Wow I am the ex wife who has 100% custody and gets CS for 2 kids (no alimony) and I can't imagine doing what your ex is doing, despite the fact that my ex makes more than 20x more money per year than I do (and gives me less money per month than he makes in 3 DAYS). I work 2 jobs plus own my own business on the side where I'm fighting to make a profit before I have to close the doors. I would NEVER ask him to provide for MY expenses or my business expenses and indeed I only go to him for extras if something big comes up, like my 11 year old son needing braces which our dental insurance doesn't cover. He covers their health insurance (my employer doesn't provide any) and has started college funds for him, but these are all things he agreed to in the divorce settlement. And can more than afford at a quarter million dollars a year.

Your ex needs to get a job. I don't care if its flipping burgers at Mickey Ds or cleaning toilets at the local Holiday Inn. There is a time and place for spousal support for a displaced homemaker, but there are also a lot of resources for them to get free/cheap education to start their own careers. Your ex has a sense of entitlement and I'm guessing no work ethic either. She needs to lose the first and find the second. I have NO USE for people who are perfectly able-bodied but refuse to even try to support themselves.


----------



## Hopeful Cynic

However much we may agree with him that his ex should get a job and support herself, his reality is that she's not willing to do that. He's got to deal with her as she is.

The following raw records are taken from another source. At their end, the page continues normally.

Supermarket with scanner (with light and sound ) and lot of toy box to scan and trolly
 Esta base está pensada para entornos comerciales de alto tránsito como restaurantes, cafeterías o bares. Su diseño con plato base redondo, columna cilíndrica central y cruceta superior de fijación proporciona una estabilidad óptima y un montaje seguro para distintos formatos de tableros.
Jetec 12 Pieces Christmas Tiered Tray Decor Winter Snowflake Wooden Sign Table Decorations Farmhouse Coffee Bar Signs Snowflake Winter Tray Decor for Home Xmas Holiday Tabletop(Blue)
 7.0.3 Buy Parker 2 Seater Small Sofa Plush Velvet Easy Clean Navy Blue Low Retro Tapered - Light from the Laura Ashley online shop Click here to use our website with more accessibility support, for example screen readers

His main problem is that she's making him out to be the bad guy to the daughters, making them go to him whenever they need money for things that CS ought to cover.

The only thing he can do to fight this is to point out that his income is covering two households right now and it is stretched to the limit. If the daughters and their mother want to exceed that limit, it is up to them to find employment to accomplish that.

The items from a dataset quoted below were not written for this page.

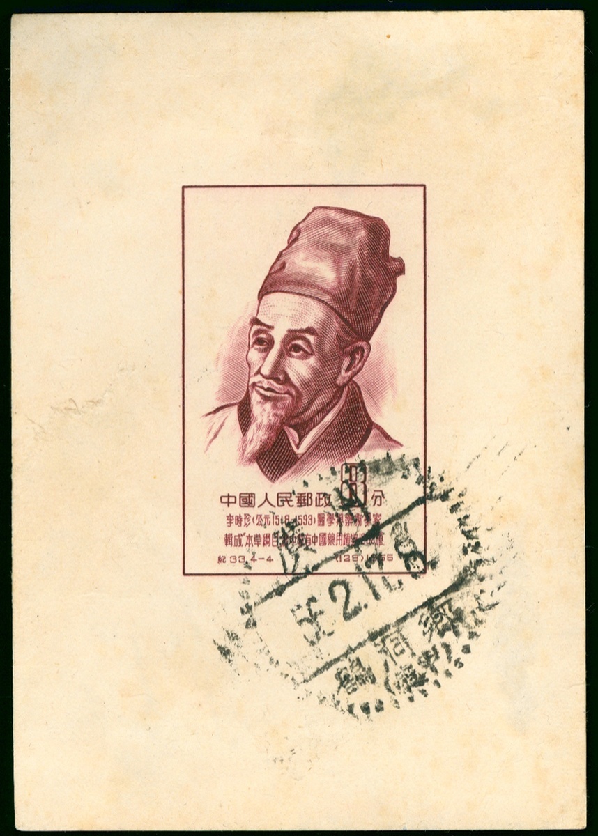 1955 (C33M) Scientists of Ancient China Miniature sheet, set of 4, used, damage
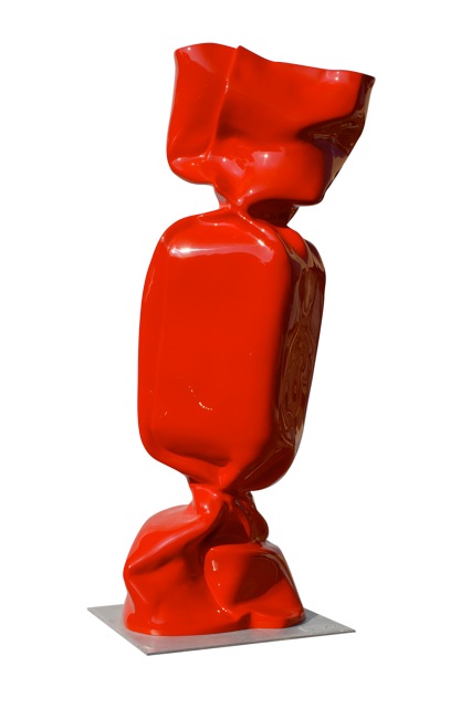 Le wrapping, littéralement l’enroulement de la matière, associée à la torsion de la papillote fait de ses sculptures des oeuvres uniques. Peu à peu, l’artiste va décliner cet objet symbolique dans d’autres matières comme le marbre, le bronze, l’aluminium ou le polyester. Sujet universel, le bonbon de Laurence Jenkell n’est pas seulement symbole de douceur, il est aussi torsion, drapé, enchevêtrement et résistance.
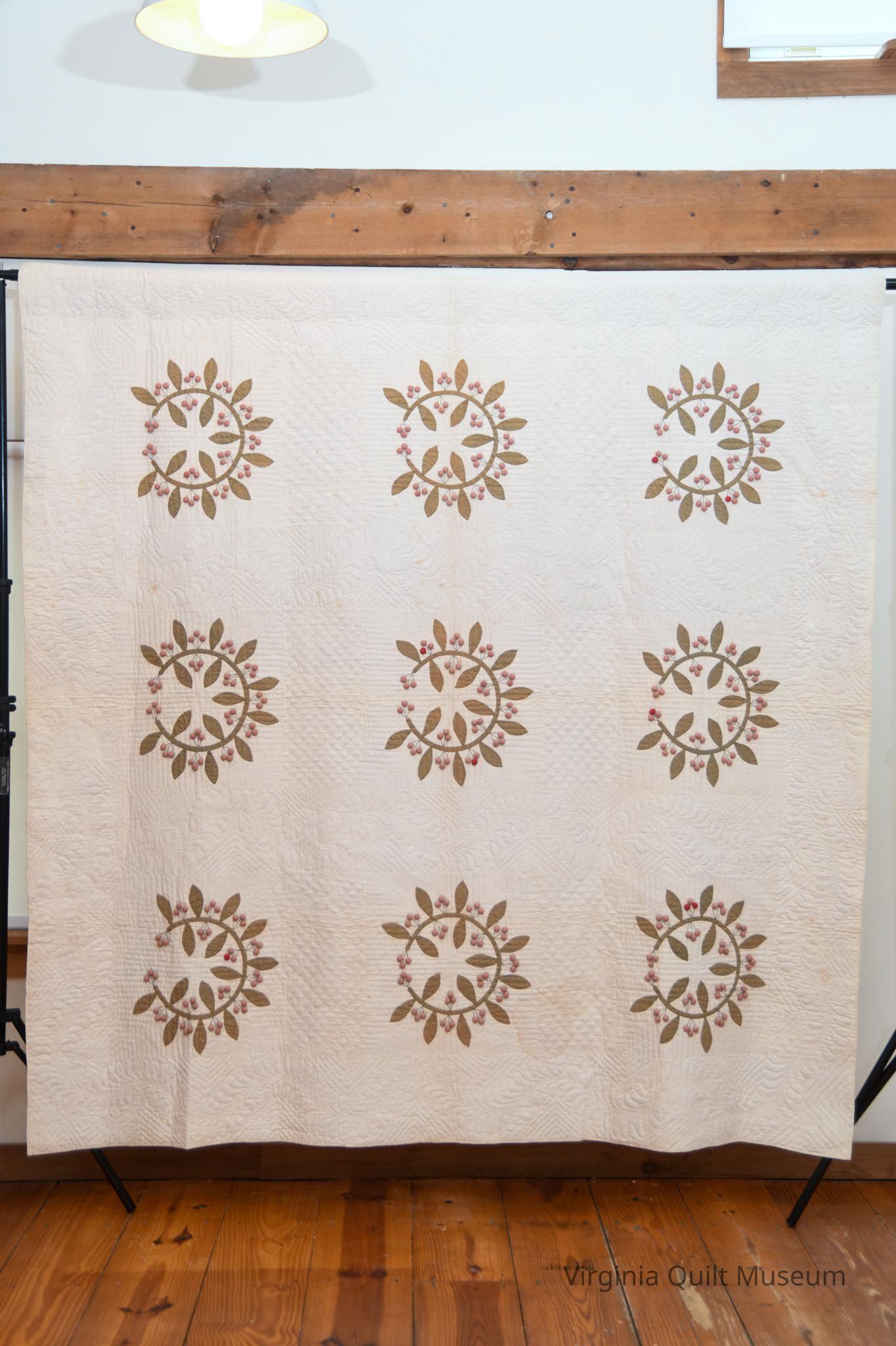 White wholecloth design, 9 wreaths, 1 per block (3 blocks by 3 blocks). 16'' squares with 8'' border. Each wreath has 10 leaves outside, 5 inside, and 15 clumps of cherries. Chain stitch embroidery connects the cherries to the wreath.

And then stand firm. Refuse to cover anything unexpected like that volleyball business as "I was not consulted about this in advance and cannot fit it into the budget." Refuse to cover anything that ought to be covered by CS. "A haircut? I already gave her money for that sort of thing. I guess she used it for something else."

The only thing I would make an exception about is anything that would help your daughters prepare for the future, especially with regards to good work ethic and education. So the repeated math class is kind of essential and I would make it happen. But the math/fairness nut in me would calculate what her 'income' is (the SS you pay) and what your 'income' (your salary minus the SS) is and only offer to pay a proportional share. And pay it right to the facility, not to the ex. "I paid my 75% to the school, they are expecting the rest before they will let the kid enrol."

All that said....I have to wonder. Did your ex have any job or career while you were married? Or did you set yourself up for this by encouraging her to be a stay at home mom?

Also, I would really be focusing on making sure the daughters do not turn out like their mother. It's going to be a hard influence to overcome, and you're going to have to really emphasize education and good career prospects to them, which may mean post-secondary education and a longer CS obligation.


----------



## EnjoliWoman

:iagree:

In addition to that, I would send an email return receipt and specify that in no uncertain terms should the girls come to him for money, that she needs to deal with him directly regarding anything above and beyond existing child support *IN ADVANCE* and failure to do so will result in ZERO dollars toward said request. If she does not consult him in advance, then he will not pay any of it. Period.


----------



## Dread Pirate Roberts

Hi Everyone,

Thanks for all the advice and input. I had already told the kids and her that any talk about money and finances comes from the ex only, period. There are still some slips - my daughter asked for a haircut yesterday, for example - but I just tell them that I'm already providing money for those kinds of things, and they need to talk to their mother.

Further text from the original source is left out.